Адриан слегка постучал меня по плечу, когда я разглагольствовала о Борхесе и его лабиринтах. Разговаривала о Минотавре, а он стоял позади меня. У меня сердце едва не выпрыгнуло из груди.

Не хочу ли я потанцевать? Ну конечно, я хочу танцевать, и не только.

— Я искал тебя после полудня, — сказал он. — Где ты была?

— С мужем.

— Он выглядит слегка несчастным, не так ли? С чьей помощью ты делаешь его несчастным?

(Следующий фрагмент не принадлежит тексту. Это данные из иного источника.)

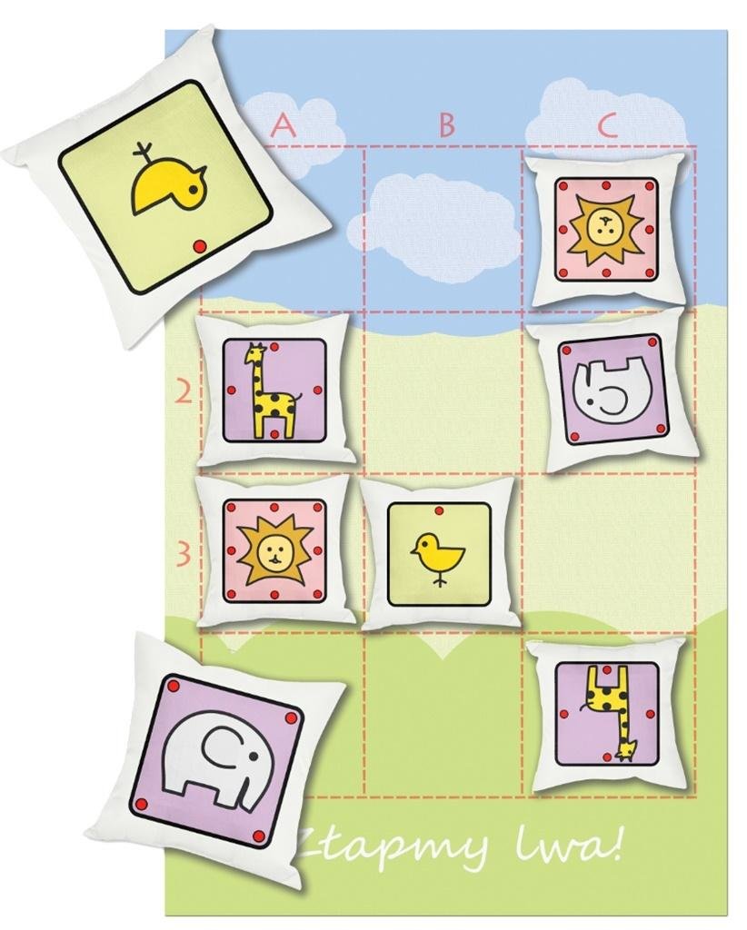 Poduszki ze ślicznymi rysunkami zwierząt i kolorową planszą zamienią każdą grę w miłą i twórczą zabawę.

— С твоей, как мне кажется.

— Послушай, — сказал он мне, — лучше не стоит давать ему повод для ревности.

— А он уже дан.

Мы разговаривали как любовники, и, в некотором смысле, мы ими уже были. Если бы намерений было достаточно, то мы были бы обречены как Паоло и Франческа. Но у нас не было уединенного уголка, где мы могли бы укрыться от чужих назойливых взглядов — поэтому мы продолжали танцевать.

— Я никогда не умел хорошо танцевать, — сказал он.

Это вполне отвечало действительности. Зато все ошибки он совершал, улыбаясь как Пан. И при этом шаркал своими копытцами. Я смеялась, но немного истерично.